■ Available records:
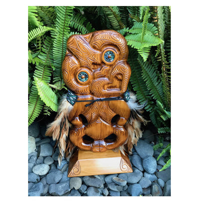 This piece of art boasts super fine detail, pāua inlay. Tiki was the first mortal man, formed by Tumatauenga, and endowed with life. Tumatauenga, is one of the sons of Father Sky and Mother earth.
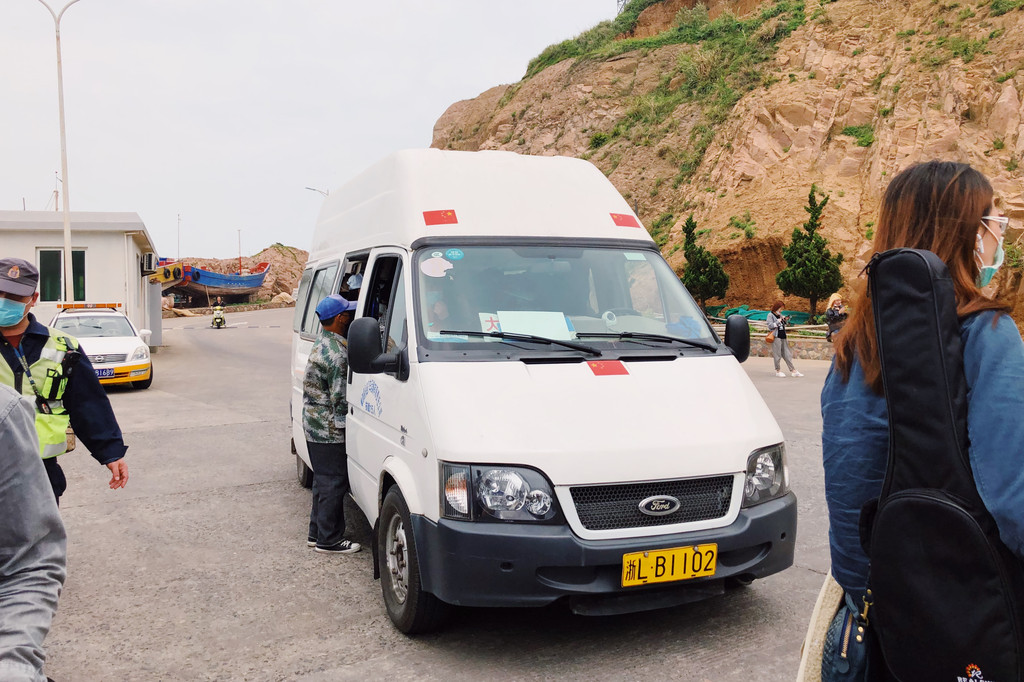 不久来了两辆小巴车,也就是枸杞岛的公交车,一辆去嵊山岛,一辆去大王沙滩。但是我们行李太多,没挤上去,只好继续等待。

---

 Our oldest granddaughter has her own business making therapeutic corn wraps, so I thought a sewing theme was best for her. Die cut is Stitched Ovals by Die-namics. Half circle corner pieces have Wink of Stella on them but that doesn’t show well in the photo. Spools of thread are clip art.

■ Required work:
Work from the entries above. Set down exactly and only the lines from the line with "This piece of" to the line with "不久来了两辆小巴车,也就是枸", both included, and leave the pictures out.

■ Output of the exercise:
 This piece of art boasts super fine detail, pāua inlay. Tiki was the first mortal man, formed by Tumatauenga, and endowed with life. Tumatauenga, is one of the sons of Father Sky and Mother earth.
 不久来了两辆小巴车,也就是枸杞岛的公交车,一辆去嵊山岛,一辆去大王沙滩。但是我们行李太多,没挤上去,只好继续等待。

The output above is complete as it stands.